**Exercise**:
Transcribe, word for word, only the lines from the one containing "Modest A line" through the end of the material below. Pictures stay out.
#### Material shown ####
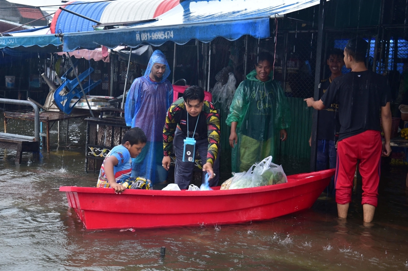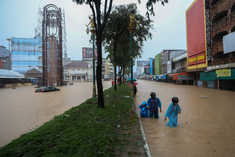11月22日,在泰国宋卡府,人们走在被洪水淹没的街道上。
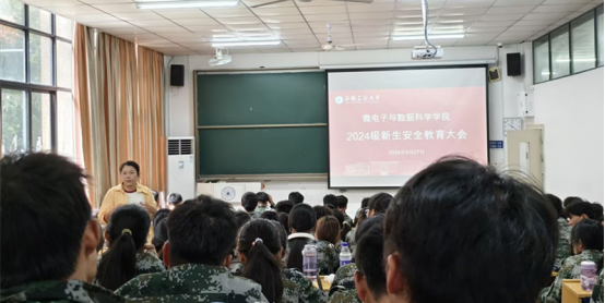 随后年级辅导员分别从消防安全、交通安全、网络安全、人身安全等方面进行了详细的讲解。在消防安全方面,通过展示真实的火灾案例,向同学们介绍了火灾的危害和预防措施,以及如何正确使用灭火器等消防器材。在交通安全方面,提醒新生们要遵守交通规则,注意出行安全,特别是在校园内要减速慢行,避免发生交通事故。在网络安全方面,结合当前网络诈骗的新形势,向新生们介绍了网络诈骗的常见手段和防范方法,提醒大家要提高警惕,保护好个人信息,避免上当受骗,同时也要规范个人网络行为。在人身安全方面,强调了要增强自我保护意识,避免单独外出,尤其是在夜间要注意安全。
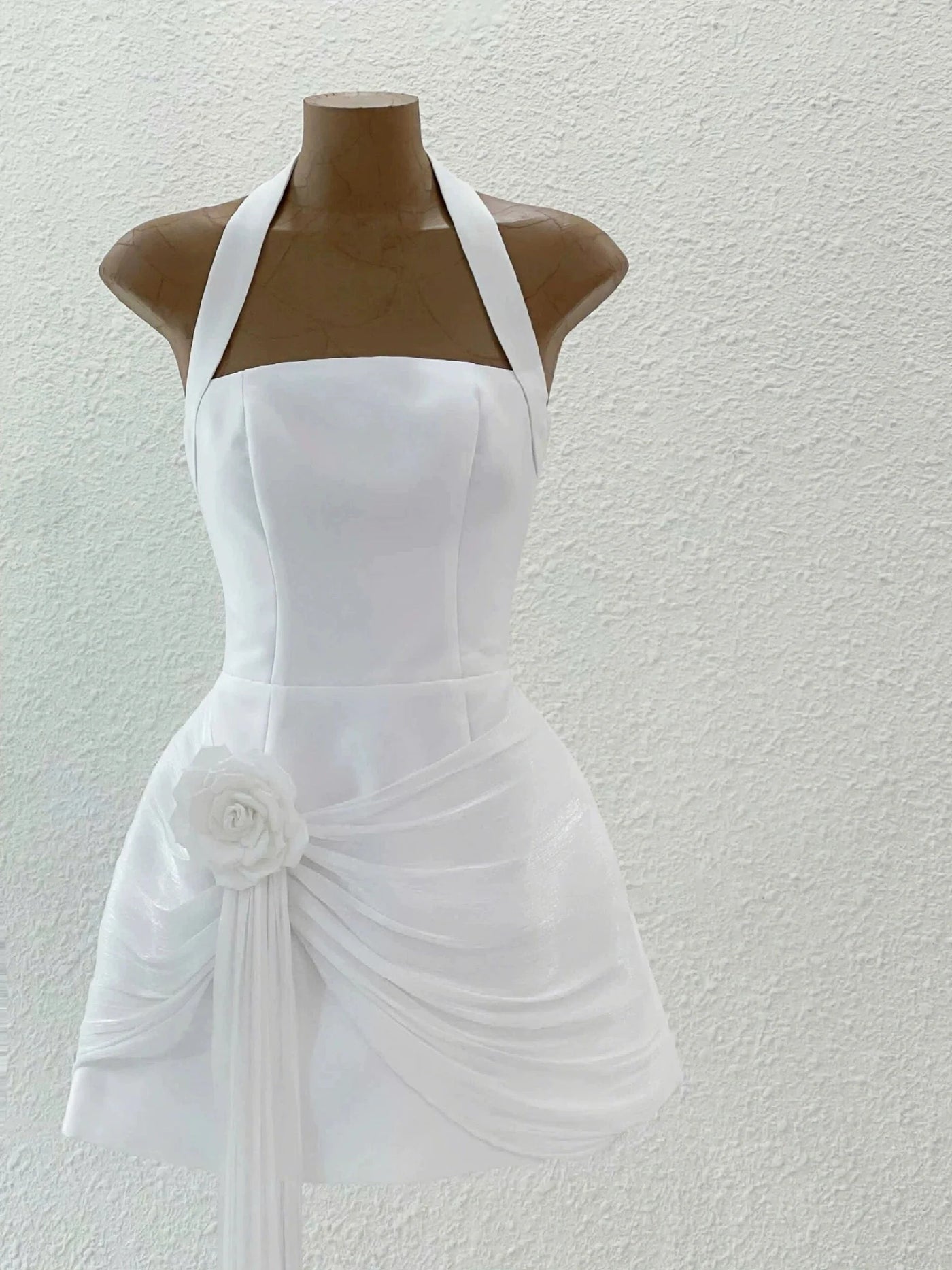 Modest A line Halter Little Black Dress Party Dresses Short Formal Homecoming Dresses Night Chic Elegant Cocktail Dresses 16th Birthday Outfits Hoco Dress
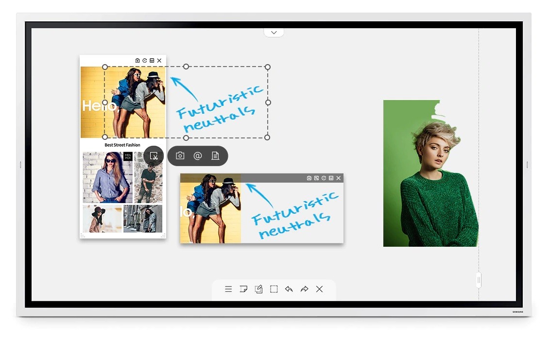 Notatki. Samsung Flip 2 pozwala Ci nanieść notatki na każde tło. Wystarczy kliknąć przycisk warstwy notatek, by w dowolnej chwili cieszyć się płynnym pisaniem na wyświetlanych treściach, nie zmieniając niczego, co znajduje się na oryginalnym tle.
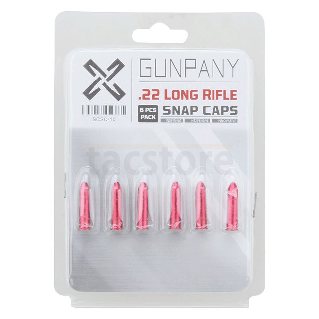 Practice loading and training dummy rounds for .22 LR caliber. Aluminum material with soft silicon primer. Set includes 6 pieces.
####
**Your response**:
 Modest A line Halter Little Black Dress Party Dresses Short Formal Homecoming Dresses Night Chic Elegant Cocktail Dresses 16th Birthday Outfits Hoco Dress
 Notatki. Samsung Flip 2 pozwala Ci nanieść notatki na każde tło. Wystarczy kliknąć przycisk warstwy notatek, by w dowolnej chwili cieszyć się płynnym pisaniem na wyświetlanych treściach, nie zmieniając niczego, co znajduje się na oryginalnym tle.
 Practice loading and training dummy rounds for .22 LR caliber. Aluminum material with soft silicon primer. Set includes 6 pieces.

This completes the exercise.